Relativity

For motion in one dimension, if $U$ is the speed of $B$ relative to $A$ , while $V$ is the speed of $C$ relative to $B$ , then the speed of $C$ relative to $A$ is $W$ , where $\tanh^{-1}\tfrac{W}{c} \; =\; \tanh^{-1}\tfrac{U}{c} + \tanh^{-1}\tfrac{V}{c}$ Thus, for this problem. we have $\tanh^{-1}\tfrac{v}{c} \; = \; \displaystyle \sum_{n=1}^\infty \tanh^{-1}2^{-n} \; = \; \tfrac12\sum_{n=1}^\infty \ln\left(\frac{1 + 2^{-n}}{1 - 2^{-n}}\right) \; = \; \displaystyle \tfrac12\ln\left(\prod_{n=1}^\infty \frac{1+2^{-n}}{1 - 2^{-n}}\right) \; = \; \tfrac12\ln\left(\frac{(-1,\frac12)_\infty}{2(\frac12,\frac12)_\infty}\right)$ using the $q$ -Pochhammer symbols.
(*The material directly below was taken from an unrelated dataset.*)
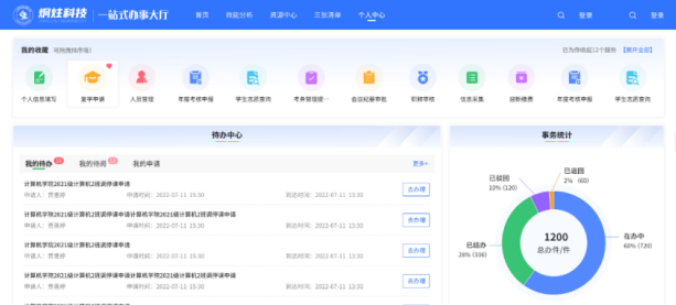 以個人信息為中心,展示個人手冊的服務(wù)、辦理的數(shù)據(jù)(我的待辦、我的待閱、我的申請、我的已辦等)。
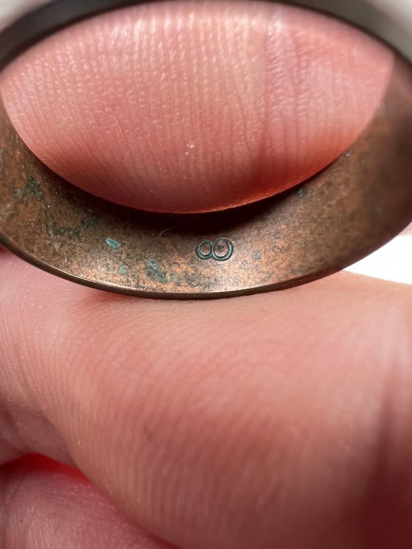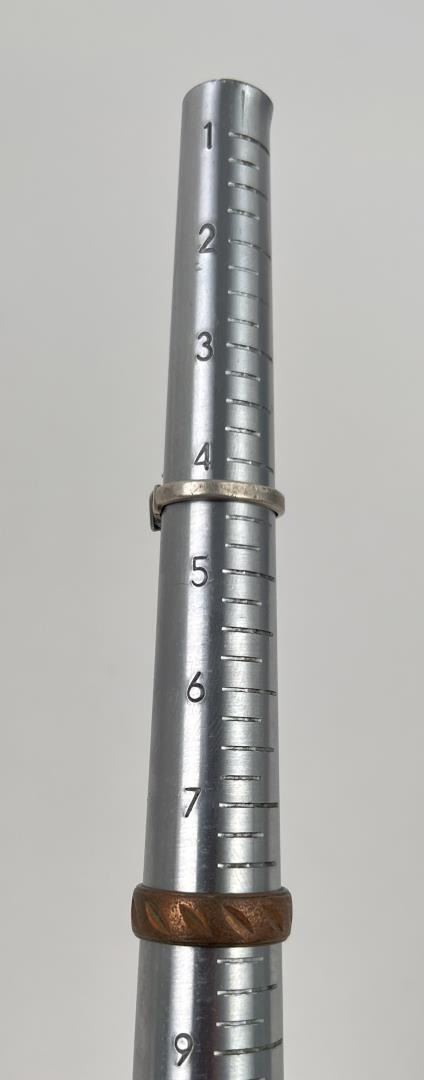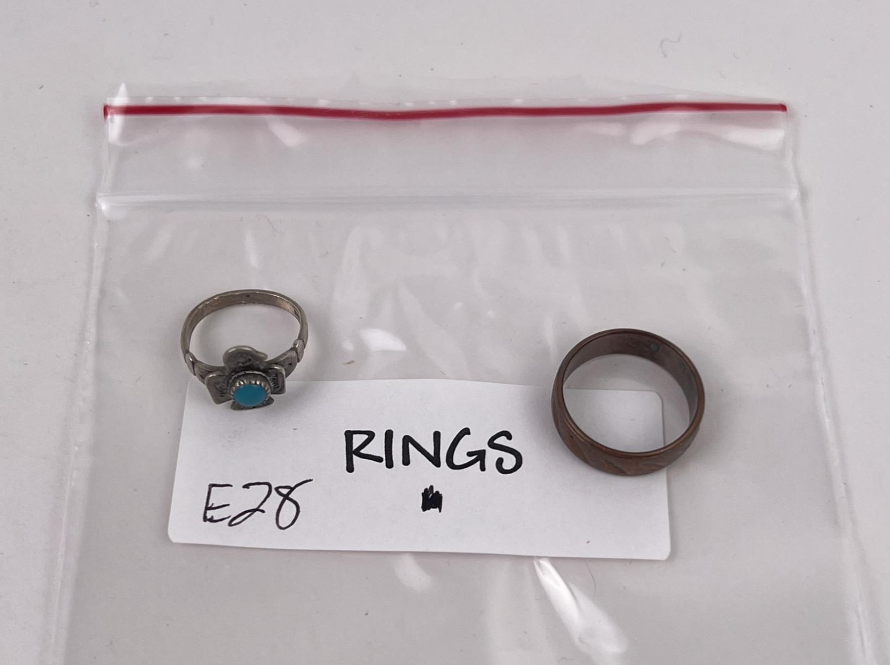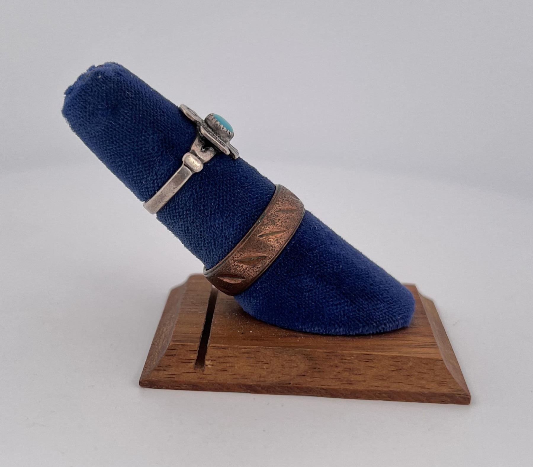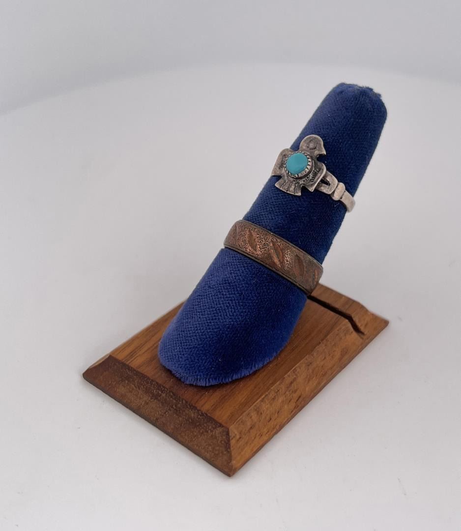The thunderbird ring is bell trading post (size 4 1/4). The other is copper (size 8). Allard Auction Collection Inv: NO TAG

Thus $\tfrac{v}{c} \; = \; \tanh\left(\tfrac12\ln\left(\frac{(-1,\frac12)_\infty}{2(\frac12,\frac12)_\infty}\right)\right) \; =\; \frac{(-1,\frac12)_\infty - 2(\frac12,\frac12)_\infty}{(-1,\frac12)_\infty + 2(\frac12,\frac12)_\infty} \; = \; \boxed{0.783924...}$

The formula for relativistic velocity addition is: $v^\prime=\frac{u+v}{1+\frac{uv}{c^2}}$

To make things less messy, let $a_n=\frac{v_n}{c}$ . Thus, we can derive that

$a_1=\frac{1}{2}\\a_n=\frac{a_{n-1}+\frac{1}{2}^n}{1+(a_n-1)\frac{1}{2}^n}$

This rapidly converges to 0.7839236595945458.